Leave the pictures out and restate every line below exactly.

▶ [Information supplied]
▬▬▬▬▬▬
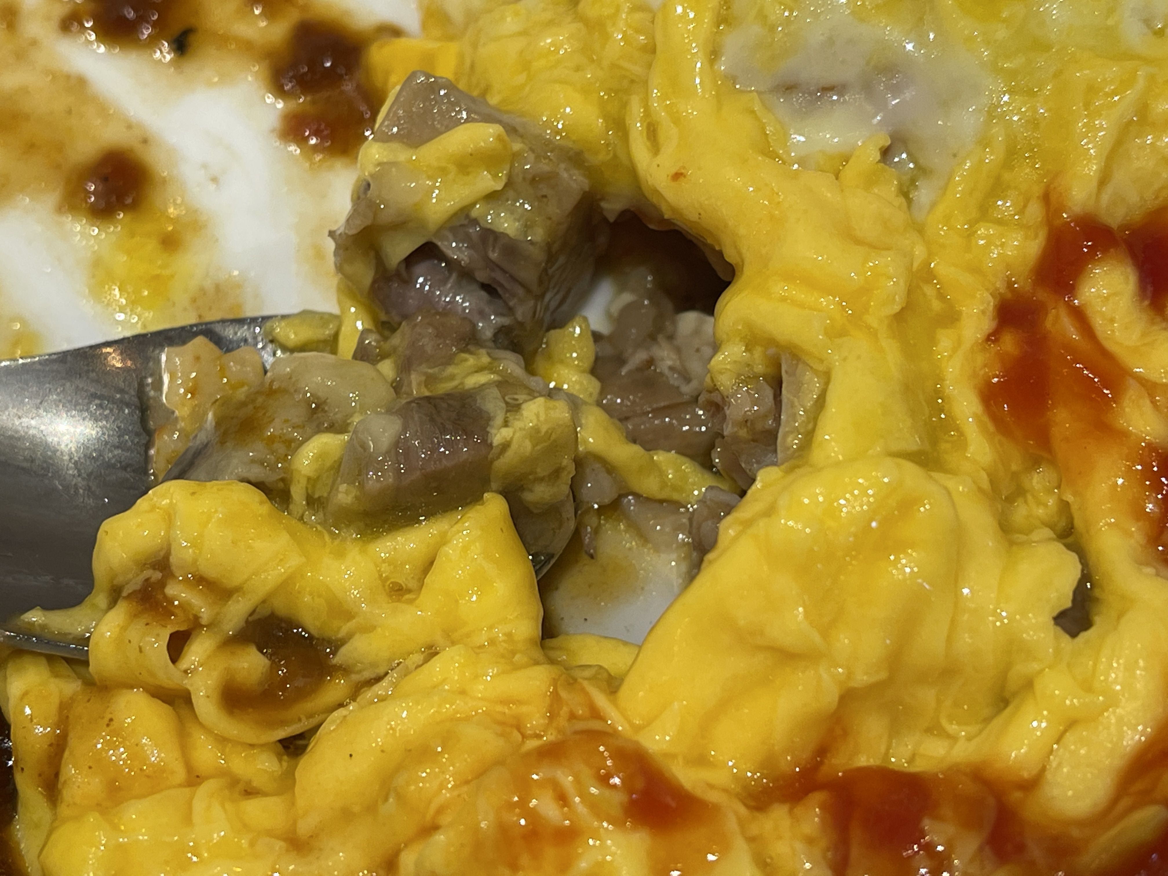오믈렛 속에 숨어있던 생각지도 못한 갈빗살이 부드럽게 씹히면서 볶음밥과 계란과 잘 어울립니다.
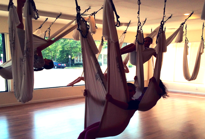 The kids-focused yoga classes are aimed at building confidence and conditioning. Regular mat yoga classes are offered weekly for ages 5-9, grown up and me classes are offered weekly for infants through 2.5 years old. Anti-Gravity kids classes for ages 6 and up focus on swinging, stretching, balancing and strengthening core muscles–all while hanging from the ceiling.
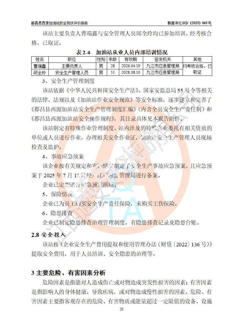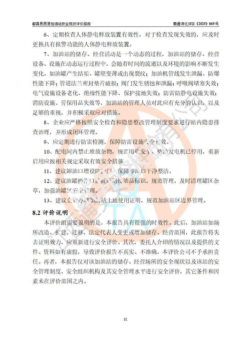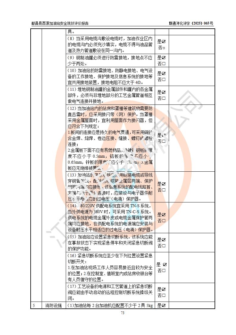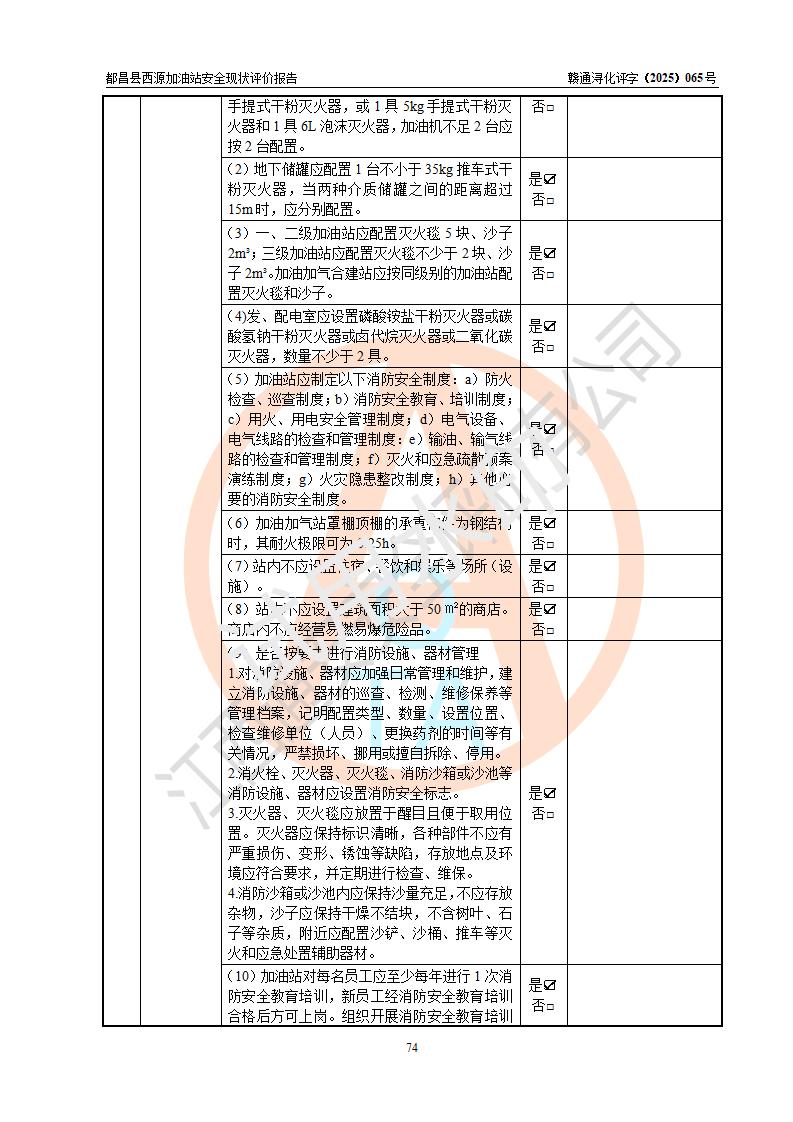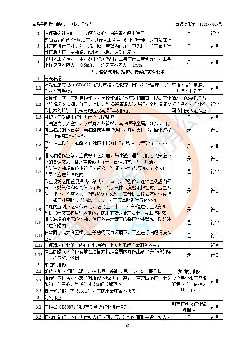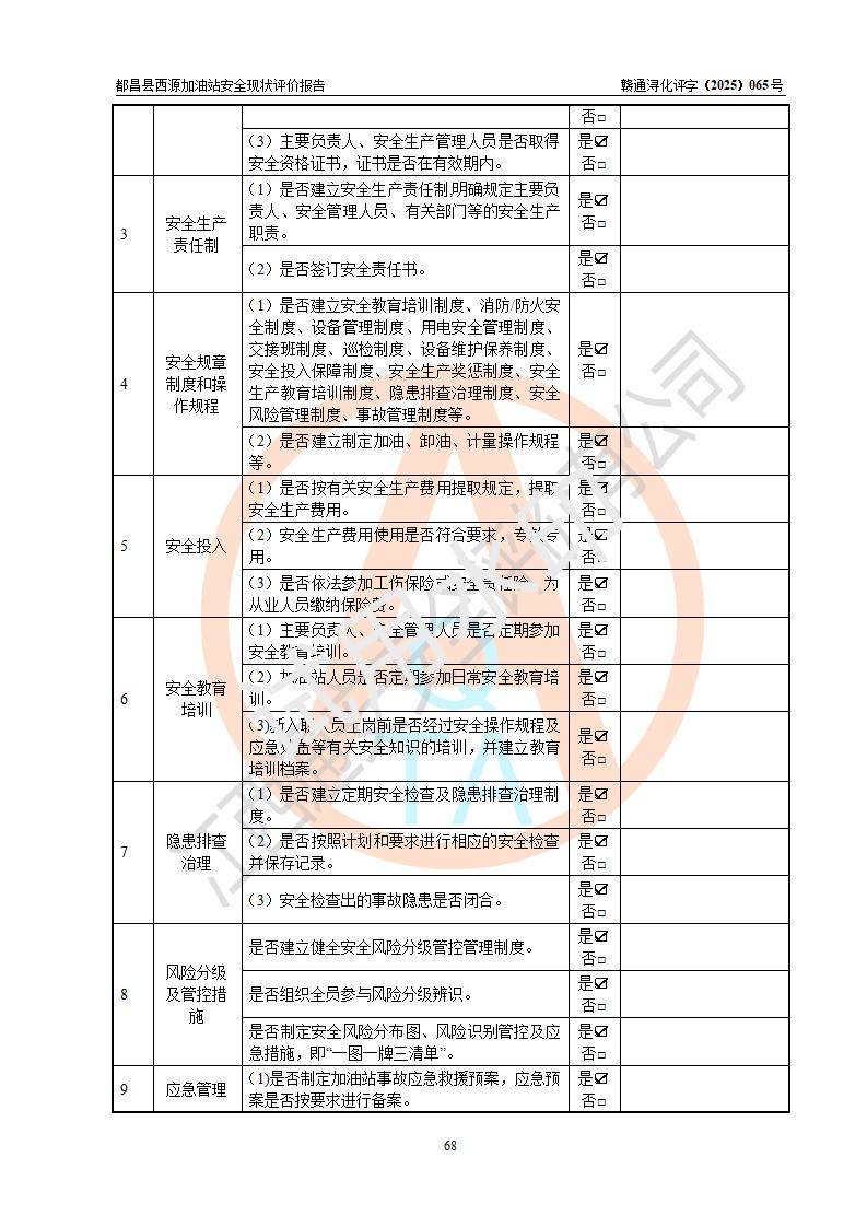 評(píng)價(jià)結(jié)論 | 都昌縣西源加油站涉及的安全條件、安全經(jīng)營(yíng)條件、安全生產(chǎn)管理符合《危險(xiǎn)化學(xué)品經(jīng)營(yíng)許可證管理辦法》、《汽車加油加氣加氫站技術(shù)標(biāo)準(zhǔn)》等**有關(guān)法規(guī)、標(biāo)準(zhǔn)、規(guī)范要求,能滿足危險(xiǎn)化學(xué)品經(jīng)營(yíng)安全條件。 | |||
▬▬▬▬▬▬
▶ [Written response]
오믈렛 속에 숨어있던 생각지도 못한 갈빗살이 부드럽게 씹히면서 볶음밥과 계란과 잘 어울립니다.
 The kids-focused yoga classes are aimed at building confidence and conditioning. Regular mat yoga classes are offered weekly for ages 5-9, grown up and me classes are offered weekly for infants through 2.5 years old. Anti-Gravity kids classes for ages 6 and up focus on swinging, stretching, balancing and strengthening core muscles–all while hanging from the ceiling.
 評(píng)價(jià)結(jié)論 | 都昌縣西源加油站涉及的安全條件、安全經(jīng)營(yíng)條件、安全生產(chǎn)管理符合《危險(xiǎn)化學(xué)品經(jīng)營(yíng)許可證管理辦法》、《汽車加油加氣加氫站技術(shù)標(biāo)準(zhǔn)》等**有關(guān)法規(guī)、標(biāo)準(zhǔn)、規(guī)范要求,能滿足危險(xiǎn)化學(xué)品經(jīng)營(yíng)安全條件。 | |||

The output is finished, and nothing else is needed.